Several years ago, for example, Democrats
and allied groups in Wisconsin descended upon the state capitol in
Madison to stop then-Republican Governor Scott Walker’s proposals to
rein in public employee unions. It was a raucous episode in the history
of that state: Demonstrators took over the capitol building to prevent
the legislature from meeting, while Democratic legislators fled the
state to prevent a quorum. In the end, they did not succeed, but it was a
sign of things to come.
Following the surprise outcome of the 2016 presidential election, progressives and Democrats took to the streets across the country in protest against Donald Trump and the voters who put him into office. They continued those protests both outside and inside the corridors of government during his presidential tenure. Trump’s nomination of Brett Kavanaugh to the U.S. Supreme Court in 2018 touched off new protests by Democrats, who cited alleged misconduct by Kavanaugh while a high school student 35 years earlier. Left-wing protestors picketed the homes of Supreme Court justices following the leak of the Dobbs abortion decision in 2022, with some even calling for violence against those whose votes decided the outcome.
Left-wing demonstrators took to the streets again in 2020 in the midst of the COVID-19 pandemic, toppling historical statues and monuments and surrounding the White House, once again in opposition to Trump and in protest of the death of George Floyd while in police custody in Minneapolis. They occupied the downtown areas of several large cities, including Minneapolis, Portland, Seattle, and Los Angeles, trashing storefronts, attacking police stations, and preventing normal operations in those urban centers. Not to be outdone, some right-wing supporters of President Trump descended upon Washington in early 2021 to oppose the certification of the new president. In all of these cases, protests were accompanied by a fair degree of violence. More recently, Democratic prosecutors have searched for a legal rationale to indict the former president in a quixotic attempt to stop his 2024 presidential candidacy.

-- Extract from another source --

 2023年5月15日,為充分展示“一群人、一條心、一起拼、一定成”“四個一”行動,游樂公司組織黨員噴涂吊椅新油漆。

This is the “new” politics of the United States, in which the political parties no longer regard one another as legitimate and increasingly seek to resolve their differences by protest, demonstrations, and threats of violence. Americans have conflicting views of what their country is supposed to do and stand for, and many are increasingly disaffected from their government. They dislike members of the opposing party, and view many institutions, from the universities to the FBI, with suspicion or antagonism. It is hard to know how, or where, this will end.
A similar type of politics is now in play in Israel, and for similar reasons: The major political parties disagree profoundly as to what their country should do and stand for, and who is entitled to represent it. The parties once disagreed over narrower policies; now, they disagree about almost everything. The left-wing parties claim that the right-wing parties are a threat to democracy, while the right-wing parties say the left-wing parties threaten national survival. Those differences are effectively impossible to negotiate via the normal political process.

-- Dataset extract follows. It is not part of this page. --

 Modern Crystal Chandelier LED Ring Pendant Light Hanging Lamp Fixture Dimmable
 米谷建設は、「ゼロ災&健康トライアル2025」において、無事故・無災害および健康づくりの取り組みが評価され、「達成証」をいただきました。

The United States is an increasingly dysfunctional nation-state, though one still sufficiently powerful and geographically distant from its adversaries to work through its unstable politics. This is not true of Israel, which is a small country, surrounded by enemies who do not wish it well, pressured by putative allies, and distrusted by powerful international bodies. Israel has proven many times in its past that it can withstand great challenges. But can it withstand the Americanization of its politics?